The more interesting finding is teacher confidence. Teachers who completed the NIE fellowship reported a 41% increase in confidence handling AI questions in non-Computing subjects, including English Literature and Social Studies. Roughly 73% of fellowship completers also reported using AI tools in their lesson preparation, up from 22% before the programme. That is the leverage MOE was looking for.
| Programme Element | 2024 | 2025 | 2026 (current) |
|---|---|---|---|
| Schools running curriculum | 0 | 12 (pilot) | 56 |
| Students reached | 0 | 4,800 | 38,000 |
| Trained AI Pedagogy fellows | 0 | 72 | 240 |
| Required curriculum hours | 0 | 6 (optional) | 12 (compulsory) |
| Pre-loaded AI tool licences | 0 | 3 | 9 |
How Singapore Compares Across Asia
Singapore's rollout is the most ambitious mainstream deployment in Asia. South Korea has a similar literacy framework but rolled it out as guidance rather than a compulsory module, and uptake varies sharply by province. Japan's MEXT is piloting an AI literacy course in 240 schools but has not yet committed to nationwide compulsory rollout. India's MoE has prioritised teacher training over a fixed national syllabus, and Hong Kong is moving toward an integrated curriculum at slower pace.
The outlier is China, where AI literacy is treated as part of a broader programme of "AI plus education" and is woven into multiple subjects rather than taught as a discrete module. The two approaches will be worth comparing in 2028 once Singapore's first cohort completes Secondary 4.

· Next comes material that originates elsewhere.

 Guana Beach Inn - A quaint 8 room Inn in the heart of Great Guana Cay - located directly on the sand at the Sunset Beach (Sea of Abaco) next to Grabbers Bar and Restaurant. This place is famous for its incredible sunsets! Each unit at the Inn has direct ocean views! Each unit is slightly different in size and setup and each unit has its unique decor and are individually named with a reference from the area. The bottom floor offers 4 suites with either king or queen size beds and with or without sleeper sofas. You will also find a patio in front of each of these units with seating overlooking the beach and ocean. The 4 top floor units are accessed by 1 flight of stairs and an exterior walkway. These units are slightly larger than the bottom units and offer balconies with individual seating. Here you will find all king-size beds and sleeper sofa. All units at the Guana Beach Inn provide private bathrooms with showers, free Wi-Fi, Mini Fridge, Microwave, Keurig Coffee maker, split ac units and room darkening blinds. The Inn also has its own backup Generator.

For readers tracking the AI tutors push in Asia and Singapore's AI governance, the school curriculum is the public-facing layer of a deeper national strategy that links workforce, model governance, and citizen literacy.
What Could Go Wrong
The rollout is not without risks. The most acute is teacher capacity. Singapore's secondary teachers are already balancing PSLE preparation pressure, mother tongue requirements, and Character & Citizenship redesigns. Adding twelve hours of AI literacy is meaningful even if MOE has been careful to embed it within existing modules rather than as a new subject.
A second risk is curriculum drift. The syllabus needs to update at least annually to keep pace with model capability changes, and MOE's traditional curriculum revision cadence is much slower than that. The team has built a six-monthly review cycle into the programme, but that cycle is unproven.

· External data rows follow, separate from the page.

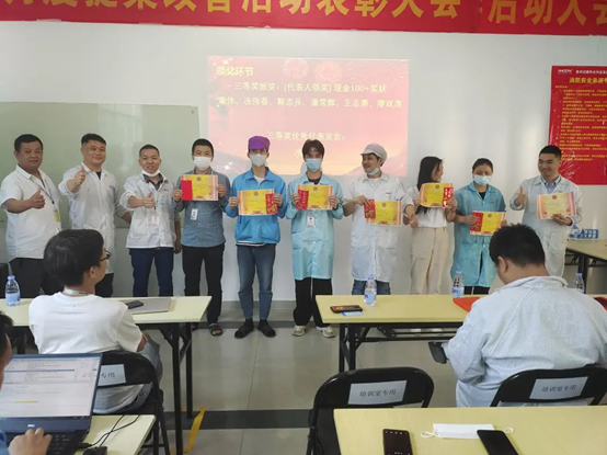 In April, the South China factory received a total of 168 proposals, which were reviewed by the review team of the General Manager's Office and finally awarded 1 first prize, 3 second prizes, and 6 third prizes. The personnel were presented with honorary certificates, bonuses and group photos.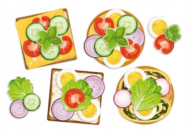 Kreatywna zabawa, rodzaj układanki, która umożliwia dzieciom tworzenie smacznych i zdrowych kanapek.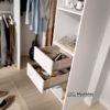 El vestidor rinconero Suit, está compuesto por dos módulos independientes preparados para adaptarse en forma de L ajustando la medida entre 213 y 163 cm * 141 cm.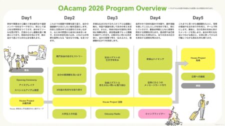 OAcampで出会う仲間たちとの交流は、高校生にとって、今までになかった視点をもたらしてくれるはずです。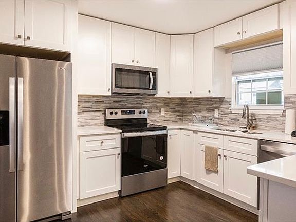 Fenced in backyardModern open floor planOriginal hardwood floorsStainless steel appliancesNew california closetsQuartz countertopsVaulted ceilings

What Other Asian Education Systems Should Watch
The Singapore approach is exportable, but only partially. The country's small scale, single national system, and well-funded teacher training infrastructure make rollout easier than it would be in a federal system. Indonesia, the Philippines, or India would face significantly different operational challenges. The pieces that travel are the syllabus design, the case study library, and the teacher fellowship structure. The pieces that do not travel are the speed of central decision-making and the budget per student.
Frequently Asked Questions
Are primary school students included?
Not yet. The current rollout covers secondary 1 to 4. MOE has begun scoping a primary-school version, but the team consider primary-age AI literacy a separate design challenge that needs a different pedagogical approach.

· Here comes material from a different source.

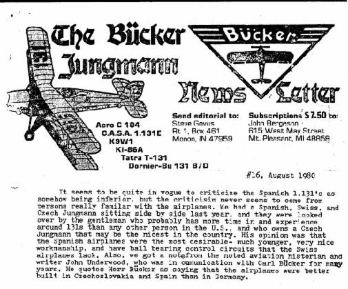 Bücker himself praised the great work made by the Spanish manufactured ‘Jungmann’ and ‘Jungmeister’s. The historian John Underwood echoed his comments in the Bücker Newsletter.

Which AI tools do students use in class?
MOE has procured nine AI tool licences for classroom use, including Anthropic Claude, Microsoft Copilot for Education, Google Gemini, and four Singapore-built tools. Students do not use general consumer ChatGPT during the classroom hours.
Is parental opt-out allowed?
No. AI literacy is now compulsory under MOE policy, similar to other Character & Citizenship Education modules.
How is the programme funded?
The USD 9 million programme spend is separate from the wider National AI Strategy 2.0 budget. Schools receive an annual top-up grant for AI tools, and teacher fellowship costs are funded centrally through NIE.